Euclidean quantum wormholes

TL;DR

The paper investigates Euclidean quantum wormholes in a Friedman-Robertson-Walker (FRW) minisuperspace by solving the Wheeler-DeWitt equation under Hawking-Page boundary conditions with arbitrary factor ordering parameters $p$ and $q$. It analyzes two matter content scenarios: a minimally coupled scalar field and perfect-fluid sources, deriving and solving the corresponding Wheeler-DeWitt equations for multiple potentials $V(\phi)$ and fluid models; solutions are obtained via separation of variables and expressed through Bessel, Kummer, Heun, and Airy functions, with asymptotic analyses. The results show wavefunctions that are regular at $a\to0$ and exponentially damped as $a\to\infty$, indicating quantum wormhole states, and suggest infinite discrete spectra of wormhole solutions in these minisuperspace models.
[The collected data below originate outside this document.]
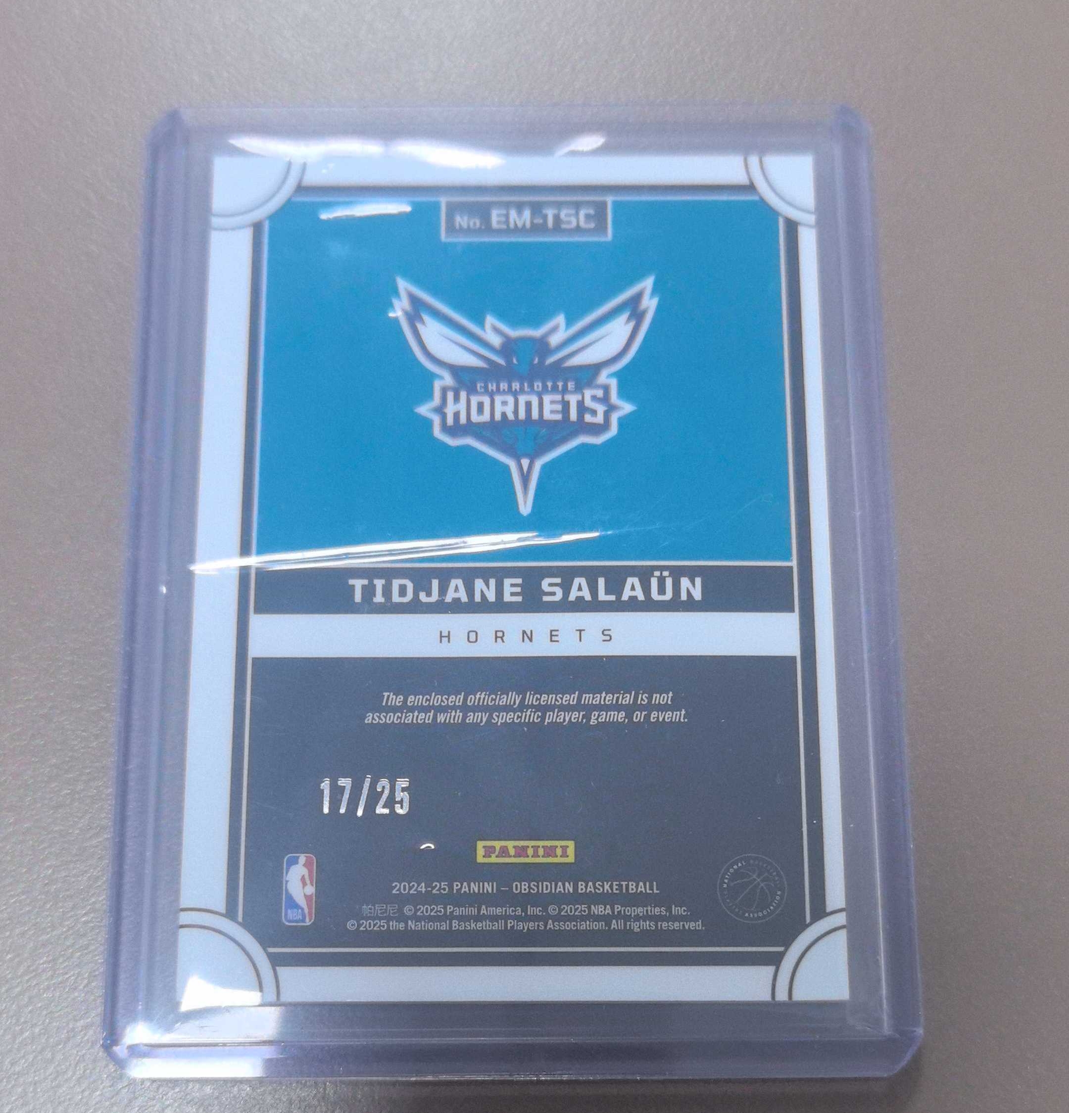 2024-25 Panini Obsidian Tidjane Salaun RC 黑曜石系列 黄蜂队好秀 萨隆 17/25 编 大窗三色秋衣切割卡 未来可期 收藏佳品
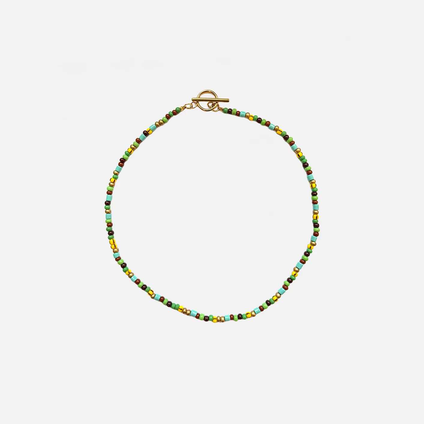 Collier en perles de verre. Un assemblage subtil de couleurs et de formes, en parfaite harmonie.
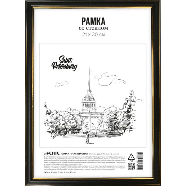 Рамка пластиковая "deVENTE" 21x30 см, формат A4, серия 2, стекло, задняя панель - переплетный картон, с креплением для подвеса, черный, в термоусадочной пленке

The work clarifies how matter content and operator ordering influence the existence and form of Euclidean wormholes in quantum cosmology, providing analytic and semi-analytic solutions and visual illustrations. These findings contribute to the understanding of microscopic wormholes and their potential role in the early universe.

Abstract

We study wormhole as the solution of the Wheeler-deWitt (WdW ) equation satisfying Hawking-Page wormhole boundary conditions in Friedmann-Robertson-Walker (FRW) cosmology. The quantum wormholes are formulated with arbitrary factor ordering of the Hamiltonian constraint operators with perfect fluid matter sources as well as minimally coupled scalar fields.

Figures (13)

• Figure 1: The wave function represents the quantum wormhole solution (left panel) for $p=1, k= -1, q=0$, (right panel) for $p=1, k= -1, q=1$ .
• Figure 2: The wave function represents the quantum wormhole solution (left panel) for $p=1, k= -1, q=-2$, (right panel) for $p=1, k= -1, q=-1$ .
• Figure 3: The wave function for scale factor $a \approx 0$ represents the quantum wormhole solution (left panel) for $p=1, q=-2$, (right panel) for $p=1, q=2$ .
• Figure 4: The wave function for large value of scale factor i.e. $a \rightarrow \infty$, represents the quantum wormhole solution (left panel) for $p=1, q=-2$, (right panel) for $p=1, q=2$ .
• Figure 5: The wave function represents the quantum wormhole solution (left panel) for $p=4, q=-2, n=-2, k=-1$, (right panel) for $p=4, q=2, n=-2, k=-1$.